▸ What the exercise asks: With the pictures left out, restate exactly the part below that opens with the line containing "I Love You Mom" and closes with the line containing "쥬슬린 크레망 달자스".

▸ Input material:

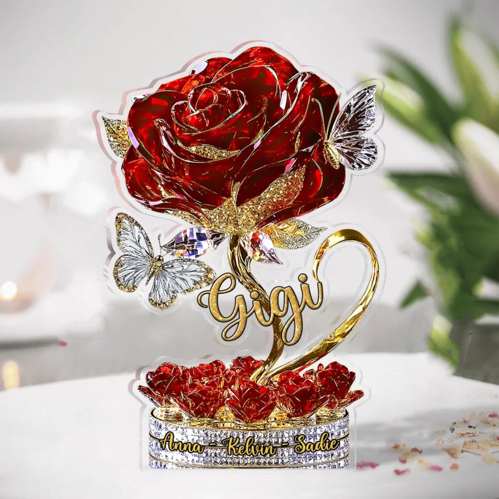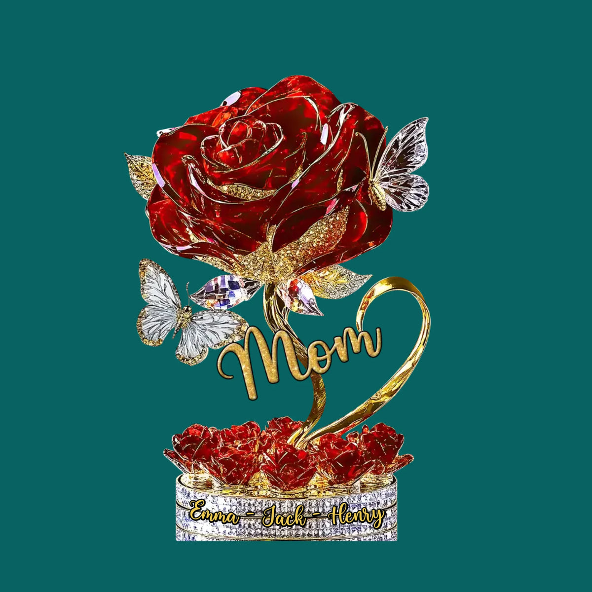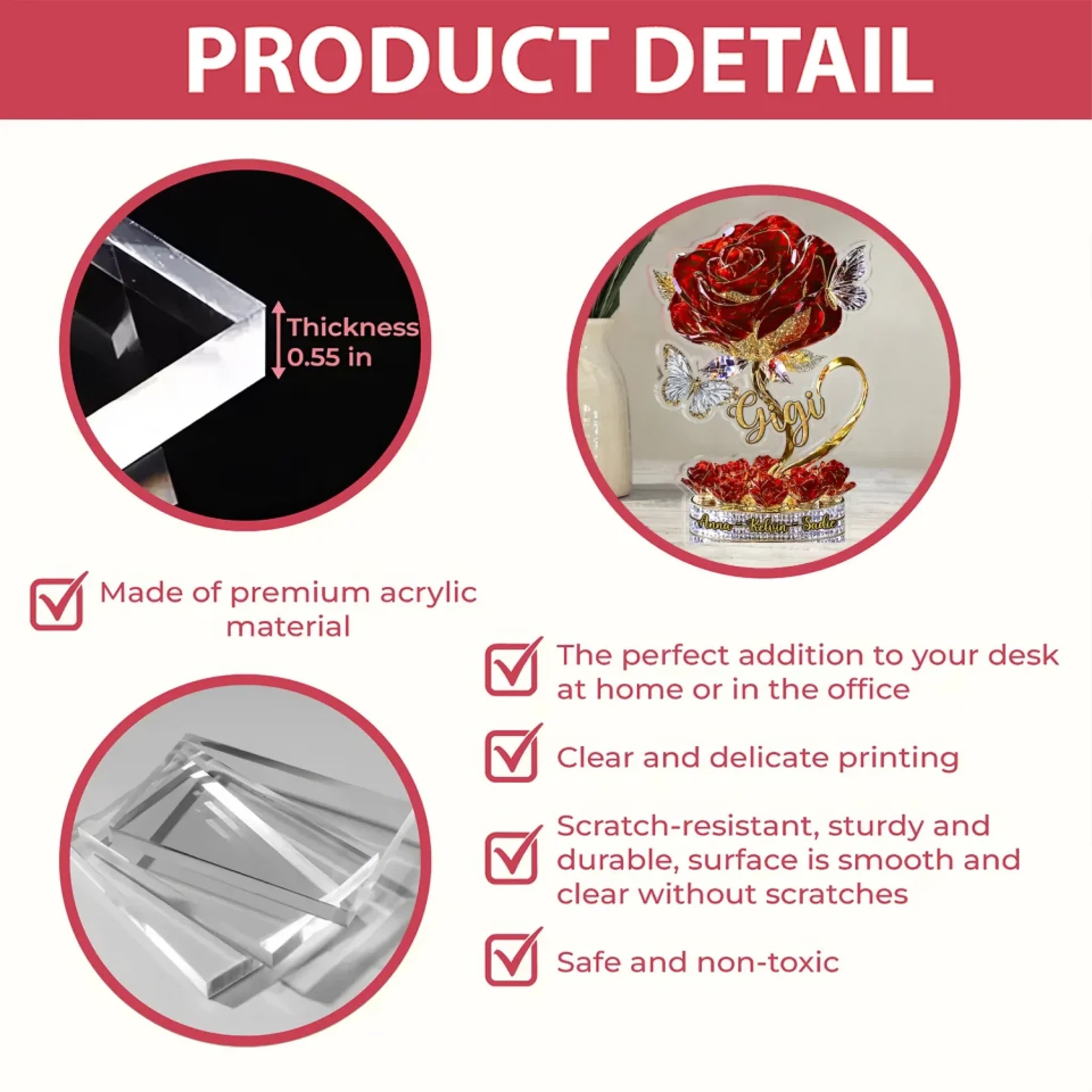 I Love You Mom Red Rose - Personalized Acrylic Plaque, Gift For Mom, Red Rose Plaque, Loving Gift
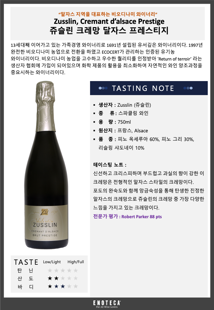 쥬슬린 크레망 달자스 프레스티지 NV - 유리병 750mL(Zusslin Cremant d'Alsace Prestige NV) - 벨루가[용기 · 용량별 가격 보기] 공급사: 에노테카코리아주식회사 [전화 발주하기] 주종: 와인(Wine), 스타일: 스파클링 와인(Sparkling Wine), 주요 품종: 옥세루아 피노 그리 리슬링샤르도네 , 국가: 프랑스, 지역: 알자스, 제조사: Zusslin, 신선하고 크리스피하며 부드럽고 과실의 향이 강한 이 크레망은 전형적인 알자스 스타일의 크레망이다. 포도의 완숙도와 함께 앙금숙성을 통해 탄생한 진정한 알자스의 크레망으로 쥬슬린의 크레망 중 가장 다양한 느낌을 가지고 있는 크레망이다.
...
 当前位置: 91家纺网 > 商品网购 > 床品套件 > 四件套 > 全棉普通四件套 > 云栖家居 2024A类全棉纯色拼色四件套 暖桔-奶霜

▸ Solution for this problem:
 I Love You Mom Red Rose - Personalized Acrylic Plaque, Gift For Mom, Red Rose Plaque, Loving Gift
 쥬슬린 크레망 달자스 프레스티지 NV - 유리병 750mL(Zusslin Cremant d'Alsace Prestige NV) - 벨루가[용기 · 용량별 가격 보기] 공급사: 에노테카코리아주식회사 [전화 발주하기] 주종: 와인(Wine), 스타일: 스파클링 와인(Sparkling Wine), 주요 품종: 옥세루아 피노 그리 리슬링샤르도네 , 국가: 프랑스, 지역: 알자스, 제조사: Zusslin, 신선하고 크리스피하며 부드럽고 과실의 향이 강한 이 크레망은 전형적인 알자스 스타일의 크레망이다. 포도의 완숙도와 함께 앙금숙성을 통해 탄생한 진정한 알자스의 크레망으로 쥬슬린의 크레망 중 가장 다양한 느낌을 가지고 있는 크레망이다.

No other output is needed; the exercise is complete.